Then there are the Indians. The ones who trusted no white man and the ones who learned to trust the white man and live in peace. They lived on the land and believed we owe much to mother earth. Which is something I still believe in as well and probably we could learn a lot from their ways to increase our going green lives.

I remember visiting the Smokey Mountains and seeing the saloon, taking pictures with real live Indians, seeing a gun fight in the middle of the street, one complete with fake bullets, but as a kid they seemed real to me. I loved it and as a young girl wanted to live like a cowgirl.

The movies made me believe this was an amazing life. Times were simpler and people often came to one another’s aide to mend what needed to be mended to insure the Wild West life continued.

Ah, such a wonderful thought. That is until I think about the items they didn’t have. No indoor plumbing. That’s a big one for me (who remembers her grandmother’s farm having an outside shower and oh yes, an outhouse).

Traveling to visit a friend could take days or even a week. Rough terrain complete with robbers, Indians who wanted scalps, and oh my god, snakes. I so don’t do snakes (sorry, different post). Washing your clothes wasn’t the easiest thing in the world either. After they made the soap (most often lye soap), they had to beat them against a rock or if they were lucky they had a board to beat them against, and then hang them in the sun to dry, all nice and…stiff.

So for me, yes, I still love the movies and the books that make it seem so romantic, but in reality I’ll take my internet, air condition/heating, and buying soap any ole day.

Now writing about them? That’s, as they say, a horse of a different color. Nothing seems impossible and the heroine is more than happy to cook over an open flame, scrub the floors, and still manage to float down the stairs in a beautiful dress to greet her man. The hero never seems to smell bad regardless of how much labor he’s done without the help of Arrid extra dry, and even if he does, she doesn’t notice. Nope she’s running to meet him and the kiss as the sun is setting behind them heats the night to beyond belief.

Of course the stars lighting the night sky like a hundred thousand LED lights, while lightning bugs flitter around would make it beautiful. And really the scene in my head is so perfectly romantic.

Don’t get me wrong, I love the country, the wide open space, and seeing the sky without the aid of street lights. Traveling to town to buy groceries would be fine as long as I could get there within an hour or two and in an air conditioned truck. I would honestly trade my city life with that of more country if I could, but I’d still have the items we’ve come to love today.

What about you? Do you wish for the days of the cowboys or are you more of a citified person? 




8 Responses

  1. Ummm…both. I like the rural life. The air feels fresher, time slows down and there is something about the stars in the sky (so many!)

    But I don’t want to live the way they lived without the amenities. Not really. I like toilet paper and paper towels. I like dish washers and fancy ovens. I like deodorant and clean sheets. And, Lord knows I love the air conditioning and heater.

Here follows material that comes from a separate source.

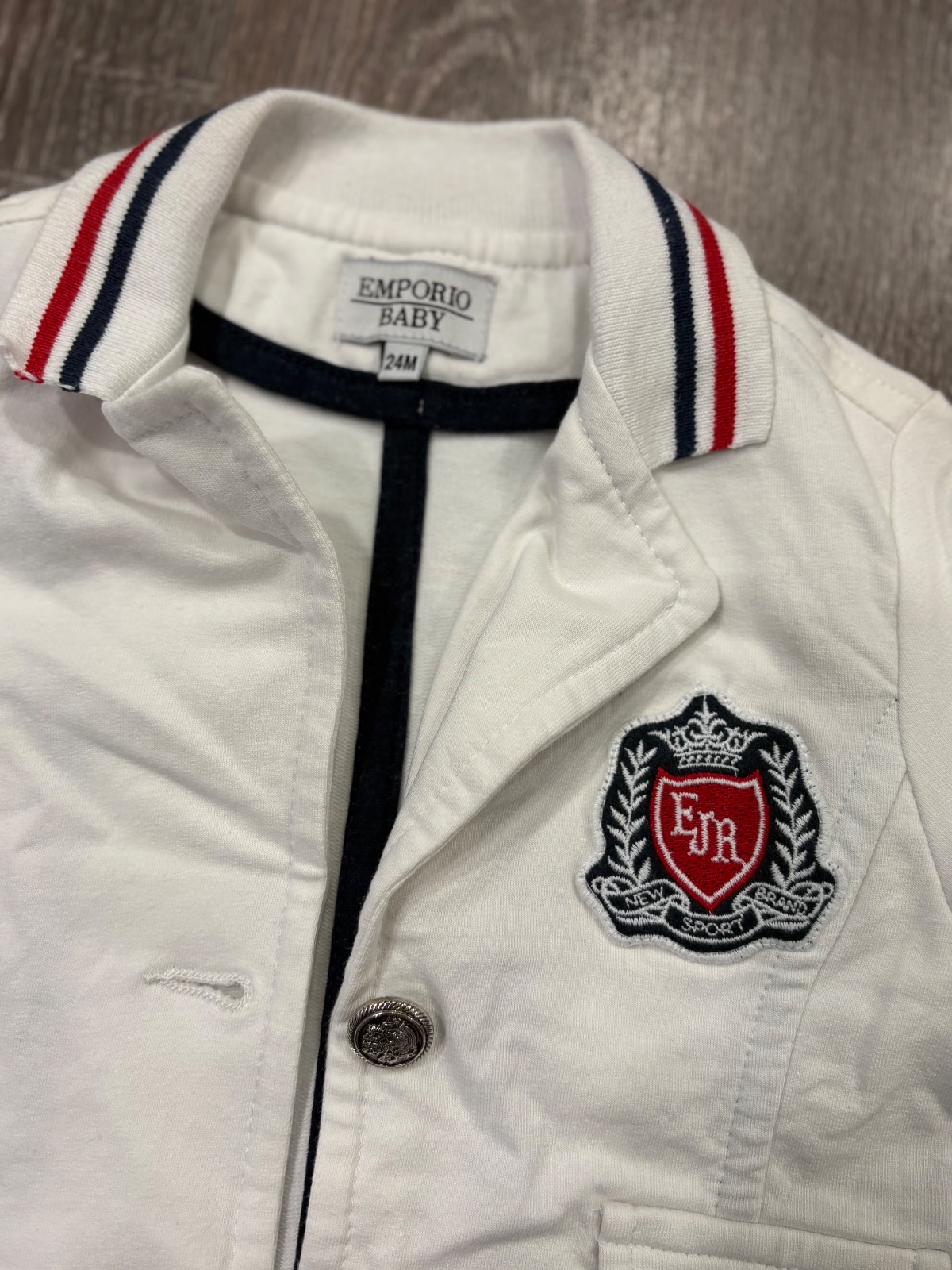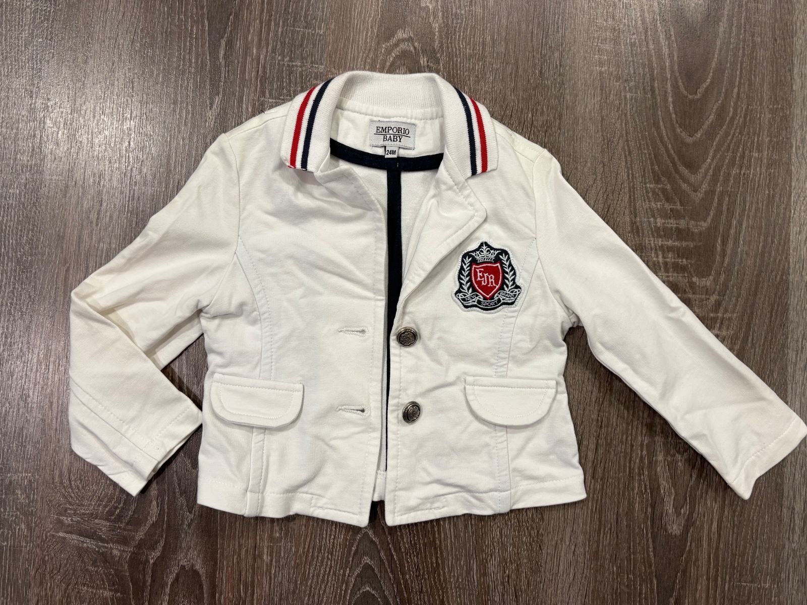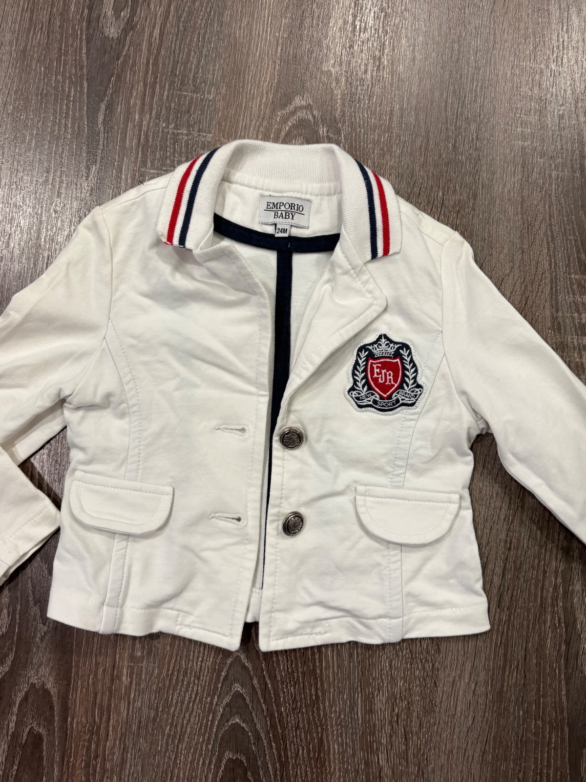 6.EMPORIO BABY krasne biele detské sako, bavlnene takže sa super nosí, štýlovo vyzera s conversami, velkost píšu 24 mesiacov, no nositelne od roka...super stav, bez poskodení, dlžka je 30cm a dlžka rukava od krku je 40cm

    So, I’m pretty citified, but I do appreciate the country life upon occasion.

  2. As long as I have the amenities, I’m all good with the country. 🙂

  3. I fall on a good inbetween line. I’m far enough out that there are NOT street lights messing with my night sky and close enough that I can drive to town (bout 30minutes there, 30back) for those needed items like soap.

  4. I live 10 miles from my mailbox.
    65 miles from the closest Wal-Mart.
    40 miles from what would be considered a grocery store.
    I’m 9 miles from the nearest paved road.

    And I grew up in the city. Granted I rodeoed and rode horses growing up; and I love amenities, but I have learned to live w/out air conditioning, because we don’t have it. And really, here on the wide open plains of SD you don’t need it. You open the windows when the sun goes down and it’s cool enough by bedtime to sleep and listen to the coyotes howl, crickets chirp and the dogs bark at whatever dogs bark at at night. You can hear the wind whistling down the plain if you listen close enough, and the stars do sparkle like no one’s business.

    When I moved here a year and a half ago I wasn’t sure I’d adapt. The silence is deafening, and addicting. Everyone should get to try it. At least once.

    Wanna come visit?

  5. I’ve lived in the city my whole life, but I do think life during the days of cowboys must have been an adventure. I’m not sure I would be able to handle that kind of life. Might be a little rough for me.

  6. I live on ranch an hour from the nearest town and I have a tipi on my front step. I guess you could say I’ve got both the cowboy and the Indian bases covered. 😉

  7. I think the days of cowboys is nice to read about. I like a more rural life, provided I can still get online!

  8. I live in the sticks too… and write about it on my blog… though I was raised in a town of 60,000, my dad taught me how to do most home and car repairs, hunting, fishing and camping… The switch to rural life wasn’t that hard!